Combination Nucleic Acid Cytometry with Single Cell Genomics for the Study of Rare Cell Populations

Stanford researchers have developed a scalable assay that combines single-molecule nucleic acid imaging with single-cell sequencing, enabling the enrichment and detailed study of rare cell populations in complex biological samples.

Single-cell genomics technologies have proven critical for understanding cellular diversity and function, enabling precise mapping of genetic and transcriptomic information at the level of individual cells. While single-cell genomics can identify cell types based on marker transcripts, there are no methods for isolating these populations for further downstream analysis. This is a particular challenge for studying rare cell types, including many involved in disease.

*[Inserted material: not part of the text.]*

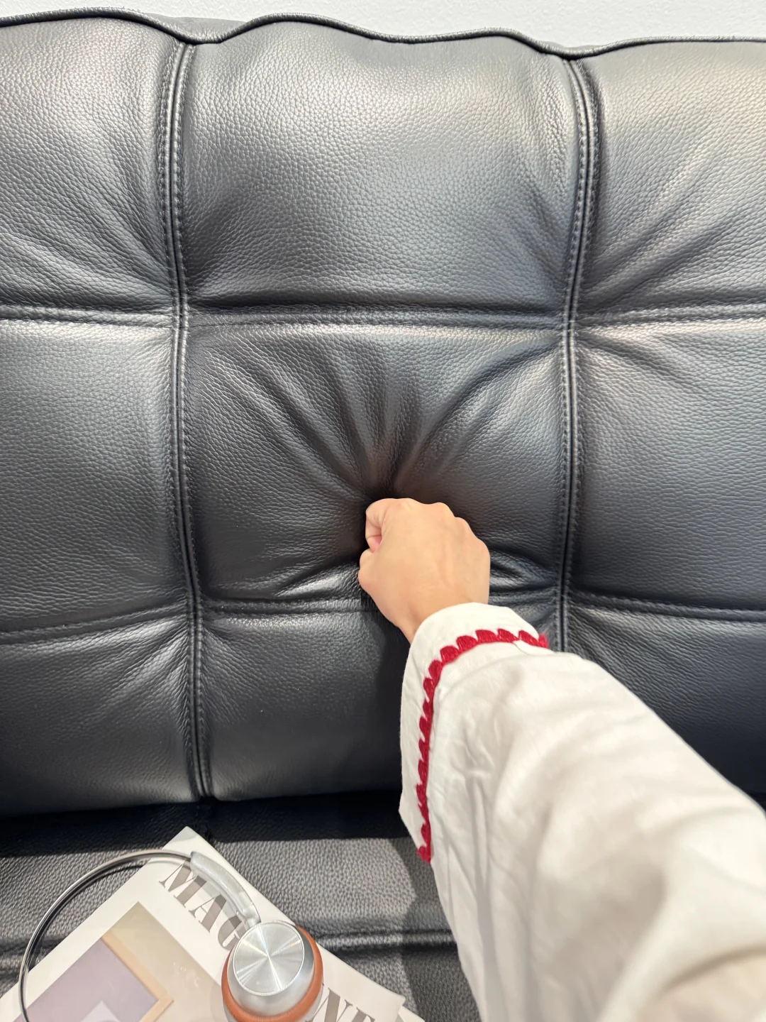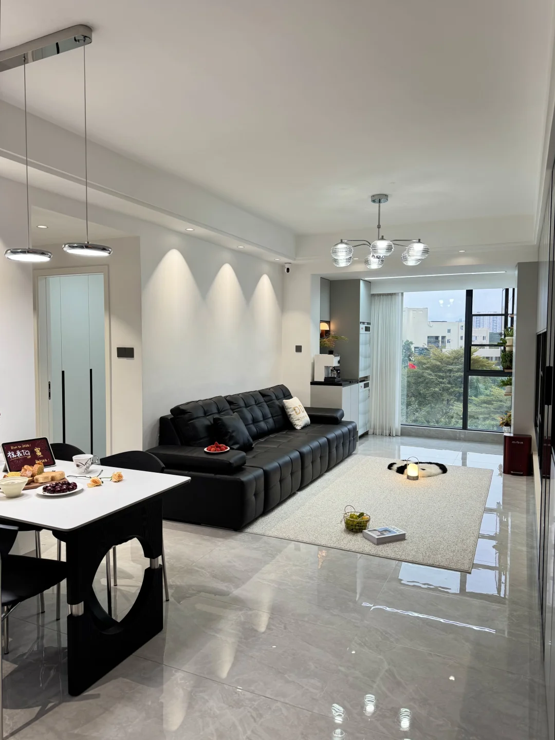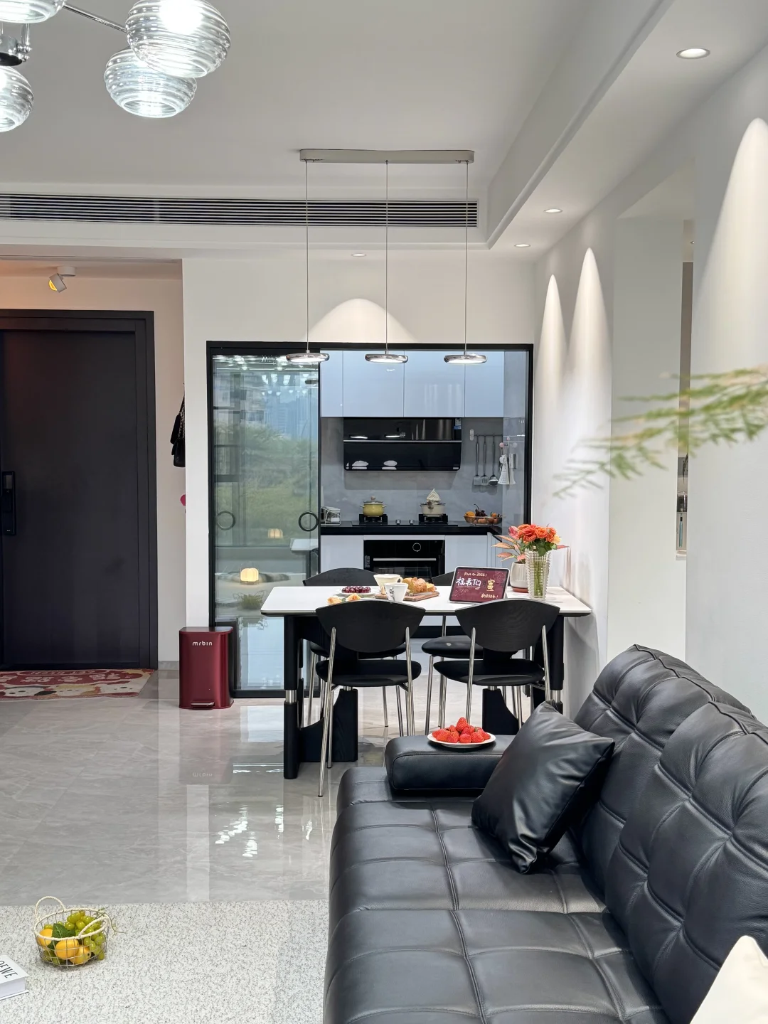 关于我的🏠 面积:建面79平,套内63~ 户型:三室两厅单卫单阳台 收房后花了半年时间装修布置入住 全屋我们选了黑白灰的基调、墙面留白 打通阳台,客厅开间3.5米,不算宽 却恰好营造出一种舒适感☕️ 在这个简约的空间里,DDC的劳伦斯沙发床成了我最常停留的地方🛋️ 黑色的皮质与整屋色调完美融合 日常脏了擦一擦就干净~ 它有三种形态:日常是整洁的直排沙发 偶尔调成贵妃榻窝着看书☕️ 全展开时变成一张临时的床 坐垫支撑有力,靠背贴合腰脊 靠着的时候整个人都被稳稳托住 现在孕期久坐在沙发上追剧也不会觉得腰酸背痛💆 除了可以遥控还可以语音智能控制很方便~ 宅家时光老公在厨房做饭,我在客厅放松追剧,日子平淡又幸福~结婚真好有自己的家真好💕

Stanford researchers therefore developed a scalable assay that enables single-cell RNA sequencing profiles from complex subcellular mixtures defined by the presence or absence of RNA transcripts. This new strategy integrates single-molecule nucleic acid imaging (e.g., smFISH) with single-cell sequencing. Researchers were able to enrich and study rare cell populations from immune populations as well as fixed brain tissue. Overall, this innovative approach not only expands the applicability of single-cell genomics but also enhances our ability to explore cellular heterogeneity in greater detail, providing a powerful tool for both basic research and clinical applications.

Stage of Development
Proof of concept: researchers isolated and analyzed rare cell populations from a mixture of immune cells and from frozen and fixed brain tissue.